1999 Wheat Situation

Farm Business Management Update, June 1999

By Dave Kenyon of the Department of Agricultural and Applied Economics, Virginia Tech

What should I do with my 1999 wheat crop? Should I store? Should I forward price? When should I collect my loan deficiency payment?

Figure 1 shows the average weekly cash wheat price in Richmond/Petersburg (RP) since 1987. On average, the harvest low occurs the first week of July and peaks in week 34, which is the third week of January. The average price increase has been 53 cents per bushel (see Table 1).

Table 2 compares the harvest low price to the third week in January price from 1974 to 1998. The average increase is 46 cents. In years when the harvest low was less $2.60, the average price increase was 75 cents per bushel. The smallest price increase was 27 cents in 1998. In years when ending stocks in June were forecast lower for the current year compared to the previous year, the average price increase was 62 cents. In 1996, the price decreased from harvest to January by 50 cents, but the harvest price was 431 cents. Storing grain unpriced when the harvest price is at historically high levels is not wise.

On June 1, 1999, RP cash price was $2.02. In May, USDA forecast 1999-2000 ending stocks at 869 million bushels, down 100 million bushels from 1998-1999. These current conditions (low harvest price and declining ending stocks) indicate 1999 may be a good year to store wheat unpriced. In similar years in the past, the average price increase has been 60 to 75 cents per bushel. Under similar circumstances, prices have increased enough to cover storage costs in all but one year. Storing wheat unpriced is risky, but the odds should be in the producer's favor in 1999.

Storing with forward pricing via futures or cash contracts is a less risky alternative. If a producer stores until January, storage costs on the farm should be about 25 cents assuming physical storage costs are 2 cents per month and interest for seven months at 9 percent is 11 cents per bushel. With a current cash price of $2.02, the breakeven price in January 2000 would be $2.27.

March 2000 Chicago wheat futures are currently trading for $2.86. The historical basis in RP in January is 20 cents under March. Hence, producers could currently lock in, via futures a January price of $2.66, a 39 cent profit per bushel compared to selling at harvest. The risk associated with this hedge is at most, 10 cents per bushel. From 1994 to 1998, the RP basis has only been wider than 30 cents in 2 out of 16 weeks. For those not wanting to use futures, a cash contract for January 2000 delivery should be available around $2.60 to $2.65. Either forward pricing via futures or cash contracts should increase producer returns 35 to 40 cents compared to selling at harvest price.
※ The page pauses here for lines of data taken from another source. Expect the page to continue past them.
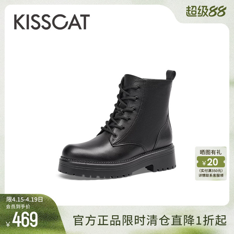 KISSCAT接吻猫秋冬季新款厚底增高户外马丁靴女系带复古真皮短靴
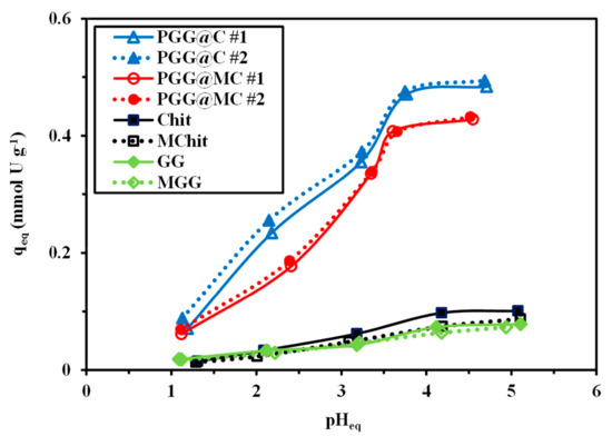 The sorption process is frequently associated with pH changes that may be caused by proton binding or release on the sorbent and/or U(VI) equilibrium displacement due to metal binding. Figure S8 shows the pH variation occurring during metal sorption. At pH below 3.5, the equilibrium pH tends to slightly increase (by less than 0.5 pH unit) for all the sorbents. Above pH 3.5, the pH is almost not affected by metal sorption in the case of Chit, MChit, GG and MGG while for phosphorylated sorbents the pH tends to decrease by 0.5 pH unit. The formation and partial binding of hydrolyzed species (which shifts uranyl speciation) may explain this pH decrease. The distribution ratio (D = qeq/Ceq, L g−1) increases with equilibrium pH (Figure S9); its log10 plot may be used, in ion-exchange processes, for evaluating the stoichiometric exchange ratio between metal ions and protons through the determination of the slope. In the case of PGG@C and PGG@MC, the slope is closed to +0.5, meaning that two protons may be exchanged with one uranyl ion (Figure S9). In the case of Chit and MChit, the slope is close to +0.23–0.24, while for GG and MGG the slope tends to +0.17 (not shown). The phosphonate reactive groups involve different modes of interaction with uranyl than the raw biopolymers.
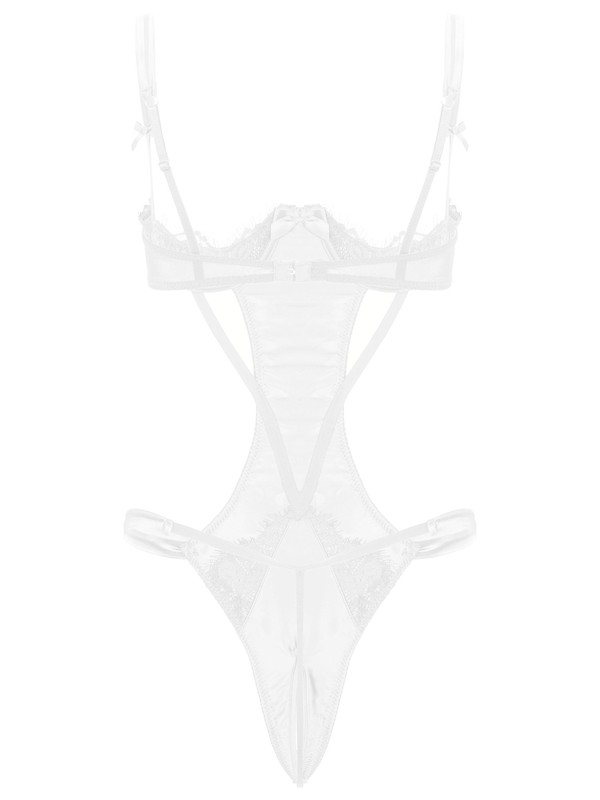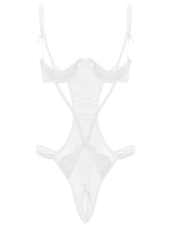 Women One-piece Lingerie Adjustable Shoulder Straps 1/4 Underwired Cups Crotchless Bodysuit Backless Nightwear.

When should I collect my LDP? The national loan rate is $2.58 a bushel. Producers should check with their local Farm Service Agency (FSA) to determine the loan rate in their county. With a cash price of $2.02, the LDP would be 56 cents per bushel. To receive the LDP, producers must retain title (beneficial interest) in the grain. Producers who are going to sell at harvest must file with their local FSA before they sell the grain. Once the grain is sold, they forfeit the right to collect a LDP. Those who store their grain have until March 31, 2000 to determine their LDP. Producers should check with their local FSA before harvest to make sure they understood the LDP rules and have filed the proper forms.

The LDP is the difference between the local county loan rate and the posted county price (PCP). To maximize the LDP, the producer needs to set the LDP when cash prices are at their lowest level for the year. When will that occur in 1999-2000? Looking at Figure 1 and Table 2 show the seasonal low price usually occurs the first week of July or week 11, which is the second week of August. In recent years, the seasonal low has most often occurred the first or second week of July. Since ending stocks are projected to decline in 1999-2000 and cash prices increase compared to 1998-1999, the seasonal low should occur relatively early in the 1999 harvest season. Currently, the futures market expects prices to increase 37 cents between July 1999 and March 2000. The historical seasonal pattern, the expected cash price increase, and the current large spread in wheat futures prices all suggest the seasonal low cash price should occur during harvest this year. To be more specific, I would expect the low price to occur during late June or the first two weeks of July.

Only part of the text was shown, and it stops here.